According to She Who Must be Obeyed (Martha, not me, at least in this instance), those masters of life on an ice floe keep warm and cheery through the 19-hour winter nights with a steady diet of pickled herring, Swedish meatballs, lox, potatoes and cream, chased with vats of simmering glogg. So far so good, at least for those of us who are toughing out the front end of a new ice age in most of the upper 48 — as for what goes on in Alaska during the annual ten-month winter, I can’t say. Actually, what with the blubber-eating, Ski-Doo racing and endless dark, I can’t even bear to think of what happens up there, which is something coming from a person who looks upon staying indoors and having Irish coffee for breakfast as a viable, even attractive, lifestyle choice, at least in January and February, though some years have seen a bit of December and March creep, but that’s a story for another day.

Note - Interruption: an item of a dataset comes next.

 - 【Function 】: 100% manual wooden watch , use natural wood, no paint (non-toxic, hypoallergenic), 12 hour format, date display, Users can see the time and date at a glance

Anywho, where was I? Pickled herring, winter benders, oh yes, Martha’s winter palace dream party. Described thus:

“Six New York-based friends — all Swedish by birth or marriage — gather for an afternoon of cold-weather comforts: warm glasses of glogg and an elegant yet homey Scandinavian spread.”

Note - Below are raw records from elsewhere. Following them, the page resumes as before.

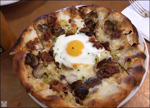 ... had a nice crunchy and chewy crust lined with sautéed leeks, sliced mushrooms, mozzarella and asiago. Alchemizing bits of bacon rounded out this flavorful flatbread. The egg looked great, but it was cooked until the yolk was firm so it refused to act as a saucing agent, but this wasn't enough to eggstract our zeal for this 'za. Mexican scrambled eggs ($8.00):
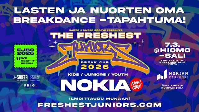 Lasten ja nuorten omat breikkikisat tuovat katutanssin energian uutena kaupunkina suoraan Nokian ytimeen, kirjasto- ja kulttuuritalo Virran Hiomo-saliin!
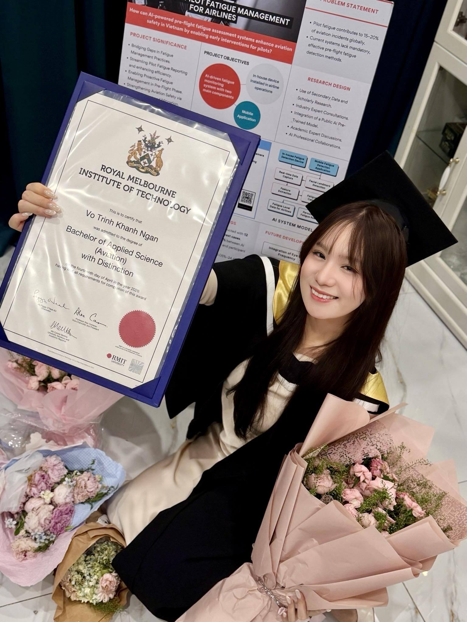 Khánh Ngân hoàn thành chương trình ngành Hàng không tại RMIT University Vietnam với kết quả loại giỏi. Trong suốt quá trình học tập, cô luôn giữ tinh thần nghiêm túc, chủ động tham gia thực tập và các hoạt động ngoại khóa để tích lũy kinh nghiệm

What Martha doesn’t tell you is that this was all just a prelude to the main event, namely the consumption of about fifteen liters of Absolut followed by a naked rampage through the snow-covered great lawn in Central Park, which the partygoers took for a summer nudist colony owing to the “warm” nine-degree weather, sunlight and the presence of trees.

Make no mistake, folks, this is how to “warm up like a Swede.”

Absolut fire

“Glogg? GLOGG? We don’t need no stinking glogg, Jorgen. Now fire this baby up and let’s go find the public sauna. I think it’s on 79th Street.”